Monday, June 12, 2006

Orientation

Dearest Ketaki,

How are you today? I miss home ferociously today. Tooth and nail and claw. Like stubborn root and grasping tendril. I work intensely these days. You remember that autobiography of Charlie Chaplin that we read? He said, "In work lies orientation. All else is chimerical." I believed that for a long time, Ketaki. I believed that if I could just find some work that interested me, I would be stuck in it, body and mind and soul. And that's true, Ketaki, sometimes. But not always. Not always.

It is one thing to do whatever work I'm given, with honesty and sincerity and all the intelligence I possess; it is another thing to do it thousands of miles from home. Then the work is just the name of the flight all of us take to pretend that the flight passengers are old friends. And that we have found meaning, because we have found fellow travellers who have the same destination. But only till the terminal, Ketaki. And from the airport we go our different ways.

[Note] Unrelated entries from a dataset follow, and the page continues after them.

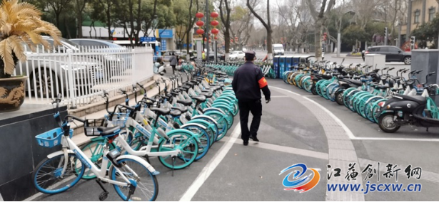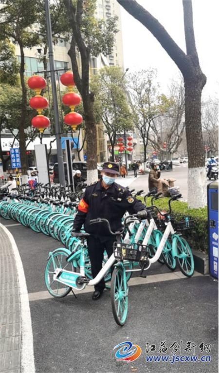 二是安排专人上街执勤。一方面劝导市民文明骑车,在指定位置停车;另一方面指定专人维护停车秩序,对一些不规范停放的车辆的进行整齐排放。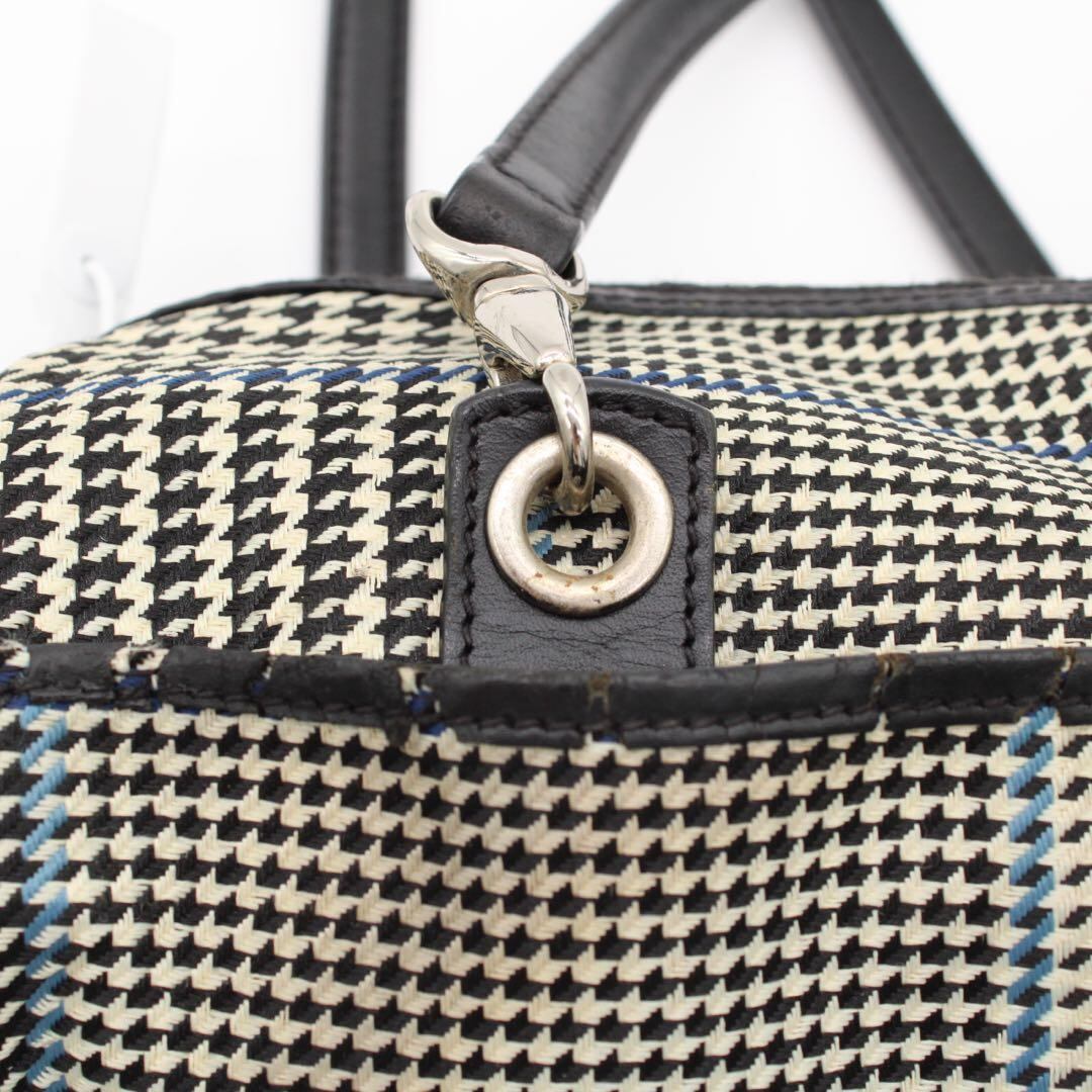 お出かけや旅行時のサブバッグに。千鳥格子柄とレザーが上品で軽量。必要最低限の荷物をすっきり収納でき普段使いにも最適。おしゃれなアクセントとしておすすめです!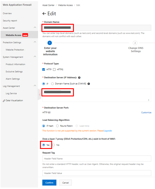 1-3 設定画面が表示されますので、ドメインやサーバのIPアドレスを入力していきます。 IPアドレスはECS(WEBサーバー)のIPアドレスです。 今回はWAFの前段にAnti-DDoSが置かれますので、最下段の"Does layer7 proxy exist in front o f WAF"はYESにすることがポイントです。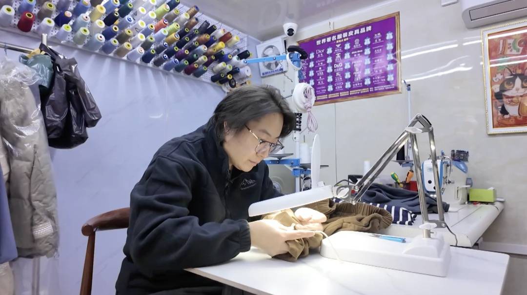 殷玥原先在公司上班,后来转行学习织补技艺。经过五年练习,殷玥已经成为一家织补改衣店的“大师傅”,各种衣服的精细修补都手到擒来。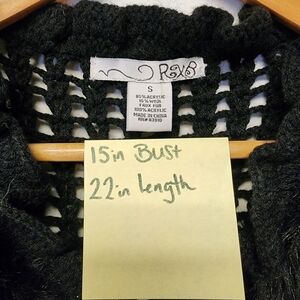 This black Rxb sweater features a crochet open-knit material with a ruffled collar and cap-style short sleeves.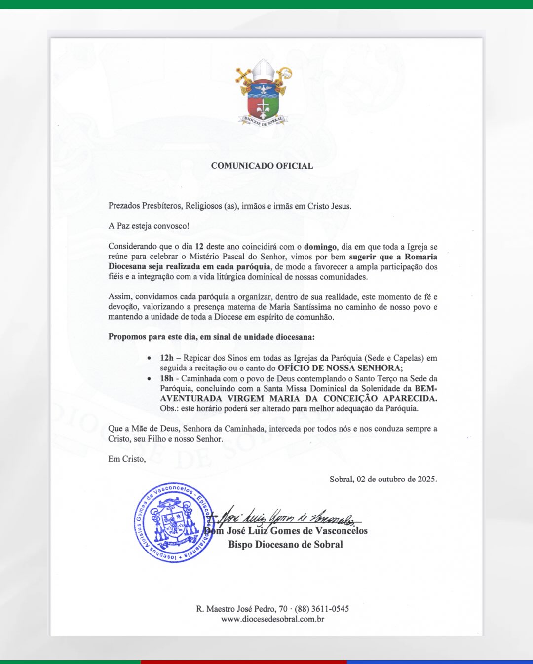 A Diocese de Sobral, por meio de comunicado oficial assinado pelo bispo Dom José Luiz…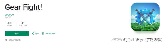 近日,DataEye研究院观察到一款名为《Gear Fight》的产品,其Google Play 详情页所显示的发行商更改为Voodoo。

I enjoy my work, Ketaki, don't get me wrong. I like losing myself in day to day problems. I like knowing a little more each day, becoming slowly more critical, more significant in the scheme of this little world. But it's such a cold, cocooned little world, it's almost a grave. And today, I miss those who would come in love, to lay flowers on my grave, if only they knew the location. So I'm telling you today. Come find me today, bring chrysanthemums, whisper a prayer into the cold, rest me in peace.

Write me a line, Ketaki, mail me your fragrance, because I miss you so.